North American shale gas threatens to erode a core market for the Arabian Gulf's fertilizer industry, warned an industry association.
GCC members export half of their fertilizer production abroad, and North America is their second biggest market after Asia with orders totalling 1.7 million tonnes a year.
Those trade flows could shift against the region's favour as North American competitors take advantage of cheap raw materials unlocked by fracking, said the Gulf Petrochemicals and Chemicals Association, an industry group based in Dubai.
"As the economy of the Middle East is so closely tied to the oil and gas industry, any global trends associated with it - be it here, or on the other side of the world - cannot be ignored," said Abdulwahab Al Sadoun, the secretary general of the group.

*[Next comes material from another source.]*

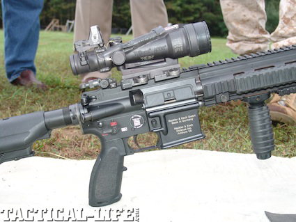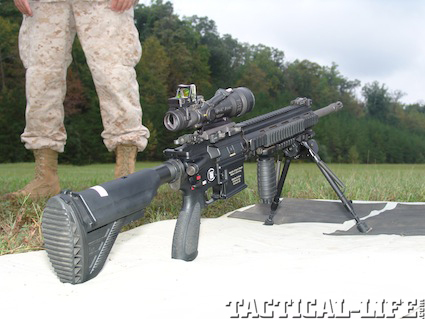I found the M27 controllable with its comfortable and fully adjustable stock. The rugged Trijicon TA11 SAW optic made it really hard to miss on full-auto or with single shots that dropped targets at 300 to 500 meters like a precision rifle. The M27 has a higher rate of fire than the M4, so putting a high volume of fire downrange is easily accomplished. Overall, the M27 is an effective battle weapon, and since the squad machine gunner is always a primary target for bad guy snipers, having a light automatic weapon that looks just like an M4 might make that job a bit safer too!

"With the rapid development of shale gas, it is vital that Middle East fertilizers evolve."
The latest warning shows how the effects of North America's shale boom, all but unforeseen five years ago, are trickling down to areas from gas exports to petrochemical developments to nuclear power plants.
As the unexpected availability of cheap fuel in the United States and Canada powers an industrial renaissance, it is also reshaping trade flows.
Gulf investors are putting money into downstream developments far from home, as Abu Dhabi's International Petroleum Investment Company has at Ontario's ageing petrochemical plants.
The US, long a net importer of gas, is converting LNG import terminals for export, and is soon to supply the UK's Centrica alongside Qatar.
Within two decades the US could overtake Saudi Arabia as the world's top oil producer, predicts the International Energy Agency.
"The North American shale gas revolution will give local chemical companies access to cheaper raw materials like nitrogen and sulphur - key components in fertilizers," Mr Sadoun said. "Fertilizer producers in the GCC may lose ground in an important export market if this happens."
For now the region is racing to increase production capacity.
New oil and gas supplies in the GCC last year fuelled an increase in the region's fertilizer production of 10 per cent, compared with worldwide growth of 2.2 per cent.
In three years, capacity is projected to grow to 50.4 million tonnes from today's 31.4 million.